All lines from the one bearing "2. LÁPIS DE" through the end of the data below must be printed exactly as they stand, with pictures removed.

The records: Begin

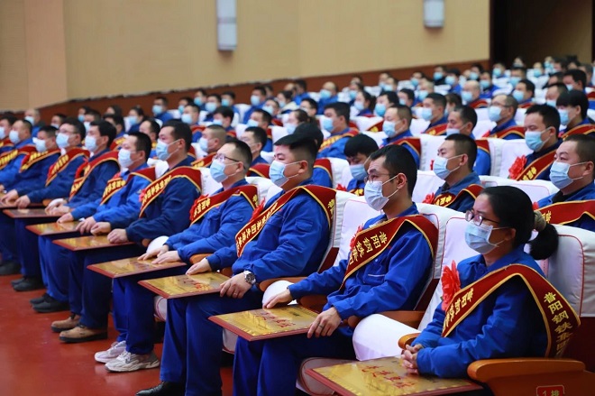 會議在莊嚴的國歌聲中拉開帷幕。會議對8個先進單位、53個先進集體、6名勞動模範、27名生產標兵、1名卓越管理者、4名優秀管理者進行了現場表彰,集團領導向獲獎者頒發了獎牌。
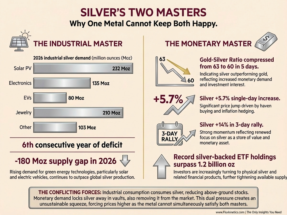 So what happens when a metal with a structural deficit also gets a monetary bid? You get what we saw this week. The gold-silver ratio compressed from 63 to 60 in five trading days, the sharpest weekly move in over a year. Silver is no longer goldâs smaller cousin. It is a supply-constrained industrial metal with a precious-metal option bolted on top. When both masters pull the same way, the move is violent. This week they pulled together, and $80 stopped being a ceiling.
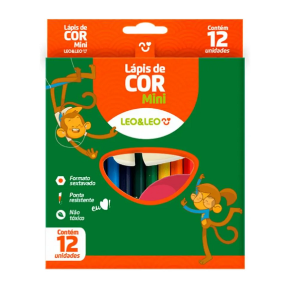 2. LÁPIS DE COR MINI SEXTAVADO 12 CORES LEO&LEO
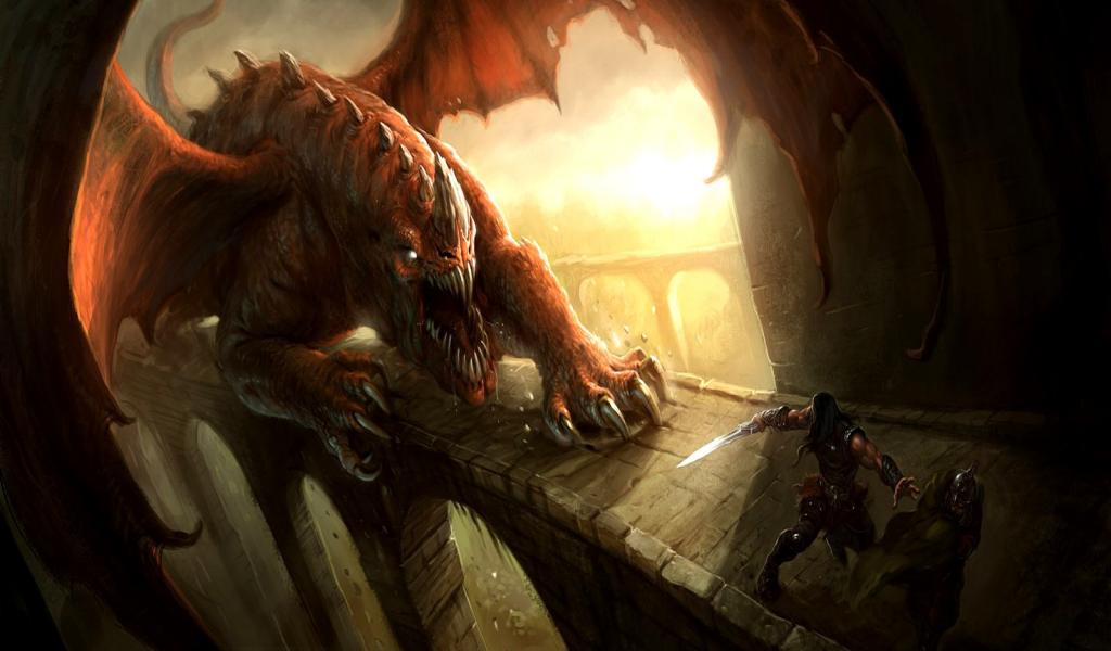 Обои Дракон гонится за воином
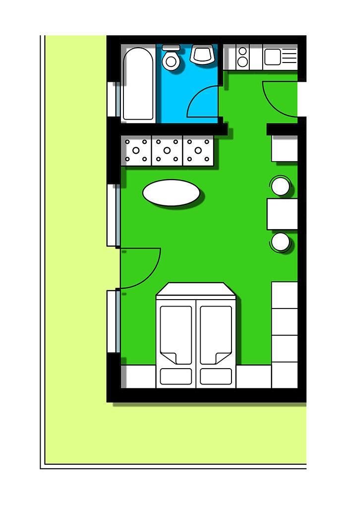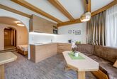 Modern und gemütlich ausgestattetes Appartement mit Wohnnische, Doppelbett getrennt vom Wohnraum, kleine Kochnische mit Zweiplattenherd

The records: End

■ Result:
 2. LÁPIS DE COR MINI SEXTAVADO 12 CORES LEO&LEO
 Обои Дракон гонится за воином
 Modern und gemütlich ausgestattetes Appartement mit Wohnnische, Doppelbett getrennt vom Wohnraum, kleine Kochnische mit Zweiplattenherd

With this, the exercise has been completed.